2020 Progress Report: A Neurovascular Unit on Chip for Reducing Animals in Organophosphate NeurotoxicologyEPA Grant Number: R839504
Title: A Neurovascular Unit on Chip for Reducing Animals in Organophosphate Neurotoxicology
Investigators: Cliffel, David , May, Jody , McLaughlin, BethAnn
Current Investigators: Cliffel, David , May, Jody , McLaughlin, BethAnn , Neely, M Diana
Institution: Vanderbilt University , Vanderbilt University Medical Center
EPA Project Officer: Aja, Hayley
Project Period: August 1, 2019 through July 31, 2020 (Extended to July 31, 2023)
Project Period Covered by this Report: August 1, 2019 through July 31,2020
Project Amount: $850,000
RFA: Advancing Actionable Alternatives to Vertebrate Animal Testing for Chemical Safety Assessment (2018) RFA Text | Recipients Lists
Research Category: Chemical Safety for Sustainability
We are developing an organ on a chip platform entitled the Neurovascular Unit on Chip (NVU) for neuronal development and toxicity studies that faithfully replicates the blood-brain barrier. This NVU is multicell type-based with dynamic metabolic and signaling methods of assessing chemical and drug toxicity without the limitations of animal studies or standard cell death/morphology toxicology assays. Our objective is to demonstrate that the NVU provides equal if not superior information than conventional animal toxicity assays for organophosphate compounds of interest like chlorpyrifos. We have developed the microclinical analyzer and cellular signaling assays to measure in situ both the acute and chronic responses of the multiple cell lines that recreate neuronal tissues to exposures to potential drugs and other chemicals. Our approach has the advantage providing quantitative information regarding a variety of cellular activities, including metabolism, membrane transport, protein translation, and hence provides a comprehensive approach to absorption, distribution, metabolism, excretion (ADME) and toxicological (TOX) profiles.
In this year, we establish human model systems (transwell and microfluidic tissue chips) comprised of neurons and glial cells derived from induced pluripotent stem cells (hiPSCs) to assess the effects of CPF on the human CNS. The Neely laboratory has already developed protocols and routinely differentiates glutamatergic cortical neurons, mesencephalic dopamine neurons and astrocytes from hiPSCs. This first year we have thus focused our efforts on developing a differentiation protocol to derive basal forebrain cholinergic neurons from hiPSC. All forebrain cholinergic neurons share a common developmental origin in the embryonic medial ganglionic eminence (MGE).
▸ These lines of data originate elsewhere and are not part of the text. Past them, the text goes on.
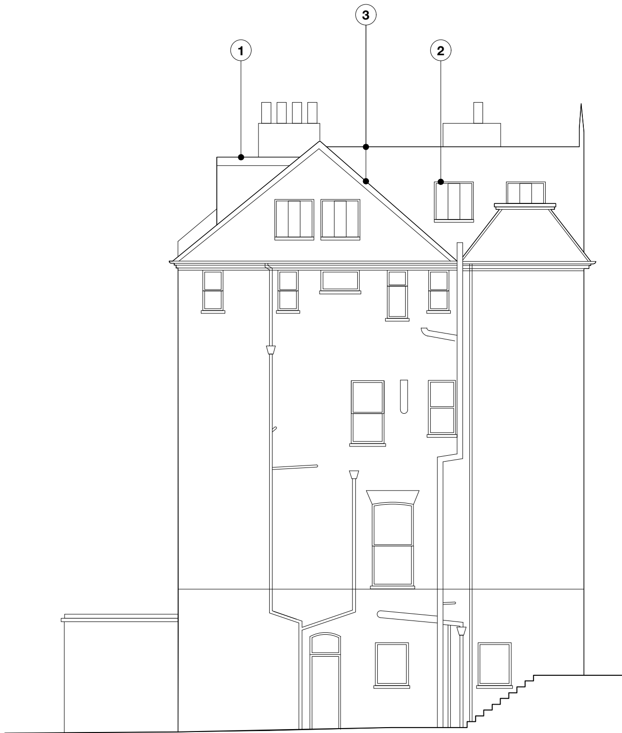
1 Existing Side Elevation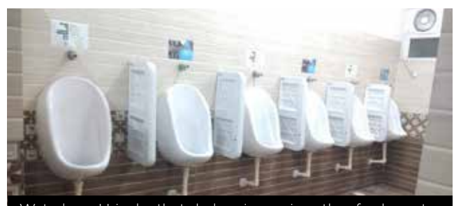
Waterless Urinals that helps in saving the fresh water and which helps in controlling the odor in the restroom, Vishakapatanam, Andhra Pradesh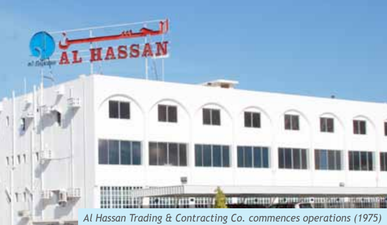
Al Hassan Trading & Contracting Co. commences operations (1975)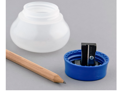
Wedge and canister sharpeners feature screw fastened blades for easy replacement.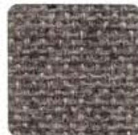
298 Medium Grey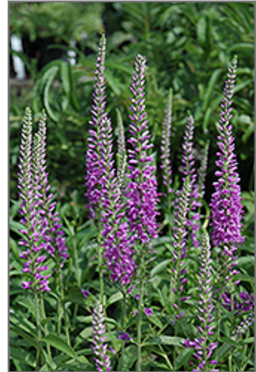
Eveline Veronica flowers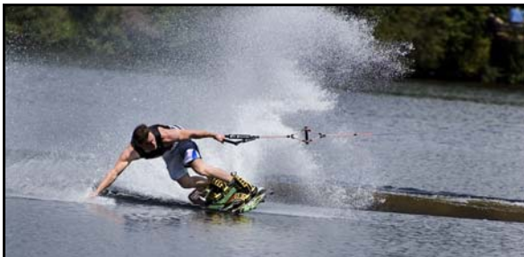
Wakeboarding at Whitesand Lake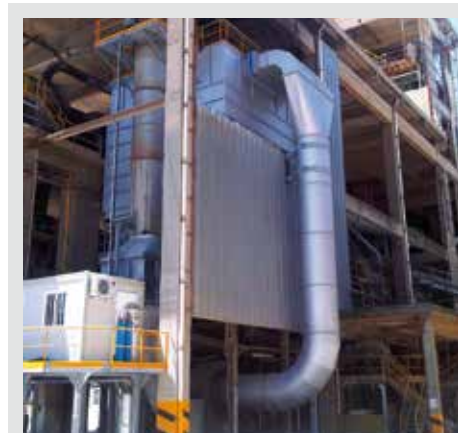
BYPASS BAG FILTER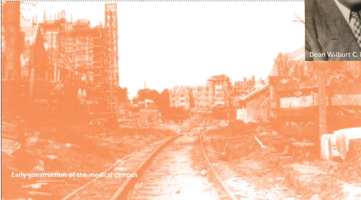
Early construction of the medical campus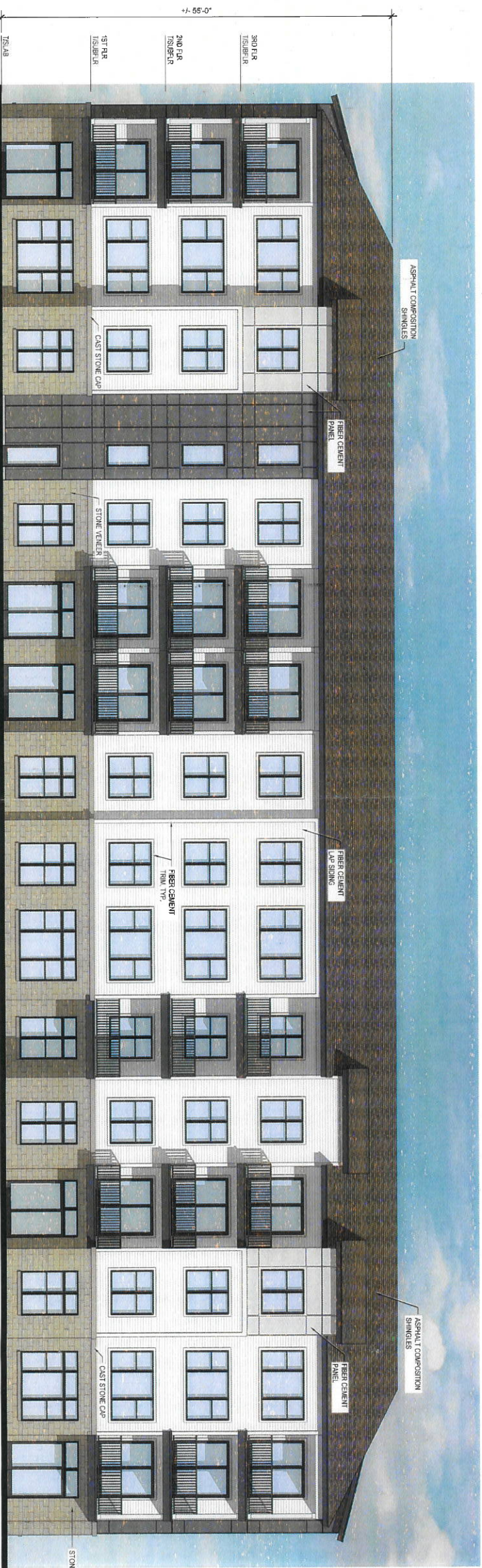
EXTERIOR ELEVATION BUILDING A REAR ELEVATION 1 1/8" = 1'-0"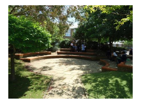
Old Oak Primary School Update Friday, 2<sup>nd</sup> February, 2024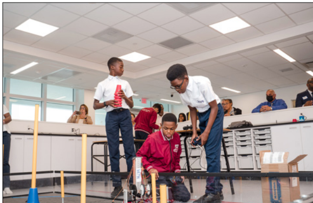
► Members of the JGHS Robotics Team demonstrate their skill for visitors to the robotics area.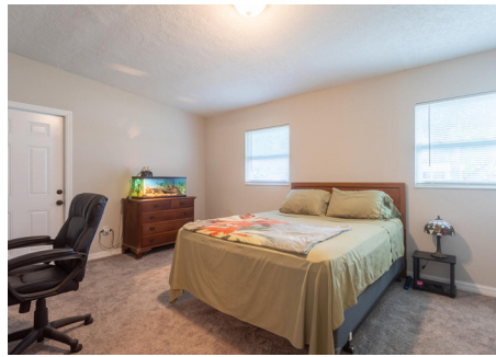
The primary bedroom is huge, with tons of closet space.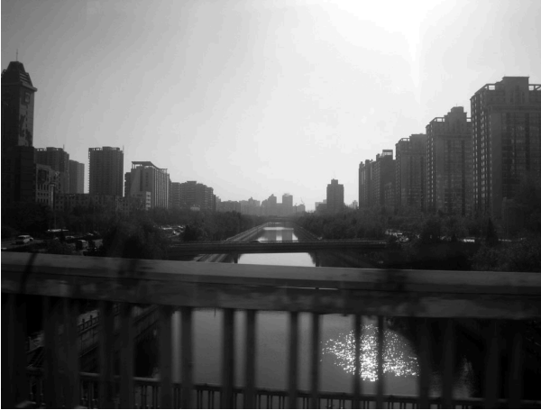
Beijing, China.

Countless people have inspired, informed and supported this book—some more directly than others, but all equally important. That being the case, I have to apologize in advance for not being able to name everybody individually. For those I miss, hopefully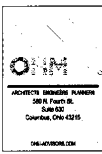
EXHIBIT B PARCEL 13-WD RIVERSIDE DRIVE EAST SHARED-USE PATH SECTION 1

BEARINGS ARE BASED ON THE OHIO STATE PLANE COORDINATE SYSTEM, SOUTH ZONE (NSRS 2007), AS ESTABLISHED FROM A GPS SURVEY UTILIZING ODOT CORS STATION "COLB" PERFORMED BY OHM-ADVISORS IN 2019.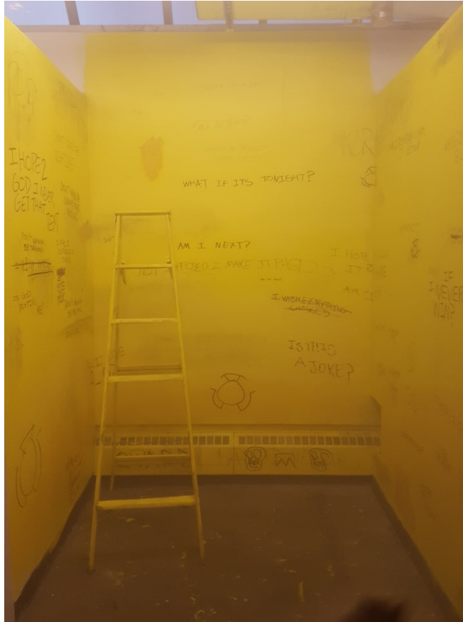
Figure 6: SINESTRO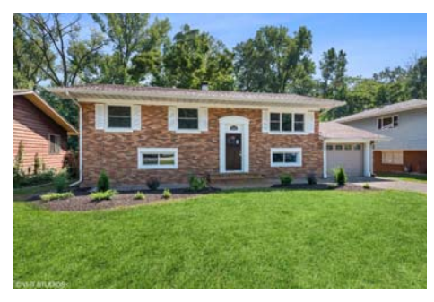
PENDING! 9333 Juniper Ave. $199,900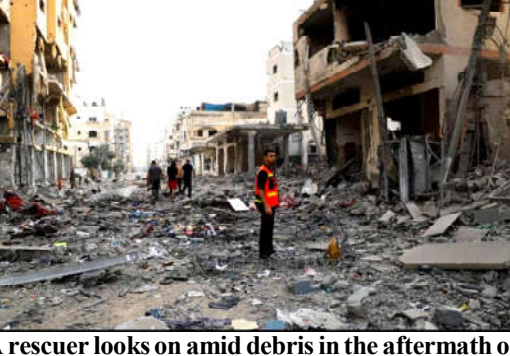
Israeli strikes, in Gaza City.

'And most importantly, the civilian casualties will be absolutely unacceptable. Now the main thing is to stop the bloodshed," he said.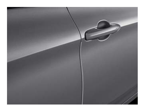
Door edge guards

This is a great way to add extra personality to your Avalon. Not every accessory is available in your area, so for a complete list of accessories, go to toyota.com/avalon/accessories.

Temporal measurement of cellular response is vital to resolving the mechanisms and pathways that are affected by neurotoxins. The 8-channel screen-printed electrodes (SPE) provide a low cost, real-time, and robust monitoring system for a maximum of eight analytes simultaneously.
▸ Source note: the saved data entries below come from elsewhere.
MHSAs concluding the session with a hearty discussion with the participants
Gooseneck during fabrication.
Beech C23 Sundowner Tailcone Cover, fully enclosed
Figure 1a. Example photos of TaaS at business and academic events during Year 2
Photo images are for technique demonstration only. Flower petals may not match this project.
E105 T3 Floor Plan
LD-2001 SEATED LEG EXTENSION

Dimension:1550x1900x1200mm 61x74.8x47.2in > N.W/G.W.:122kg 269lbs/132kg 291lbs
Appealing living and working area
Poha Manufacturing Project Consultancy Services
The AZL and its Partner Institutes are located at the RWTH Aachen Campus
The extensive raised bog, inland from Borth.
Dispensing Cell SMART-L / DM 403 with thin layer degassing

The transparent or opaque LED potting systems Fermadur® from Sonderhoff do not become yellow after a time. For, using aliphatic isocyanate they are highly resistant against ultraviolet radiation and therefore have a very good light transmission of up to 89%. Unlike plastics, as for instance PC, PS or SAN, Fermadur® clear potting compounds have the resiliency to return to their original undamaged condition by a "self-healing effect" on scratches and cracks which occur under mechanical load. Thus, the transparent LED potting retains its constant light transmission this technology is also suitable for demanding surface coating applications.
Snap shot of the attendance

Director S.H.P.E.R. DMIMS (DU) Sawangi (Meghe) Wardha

Each working electrode is separated into a single microfluidic channel and is modified to only detect a single analyte with limited interference. Polymeric and enzymatic films can be deposited onto the working electrodes to make each electrode specific. Electrochemical measurements can be taken and used to determine changes in analyte concentration and cellular response. In this first year we have modified the previous developed electrochemical biosensors to selectively and quantitatively measure four neurotransmitters, including glutamate, acetylcholine, adenosine, and dopamine. This biosensor provides a platform to obtain bioinformation of neurological functions particularly following treatment with chlorpyrifos and other neurological toxicants.
Finally, we have worked to improve on the ex situ measurements of BBB membrane integrity and permeability experiments within the NVU by creating an NVU device composed entirely of human cells and by adding in situ transendothelial electrical resistance (TEER) measurements, in addition to the expanded neurotransmitter sensor array. TEER measurements provide a direct measurement of the resistance of the BBB membrane, and thus can immediately identify any changes to the membrane permeability resulting from chlorpyrifos exposure.
In the next year period, we are bringing the new human-derived cholinergic neurons to the fully-humanized NVU setup along with the dopaminergic and glutaminergic neurons, and we conduct the chlorpyrifos dose responses using the enhanced microclinical analyzer with its four neurotransmitter and TEER sensors.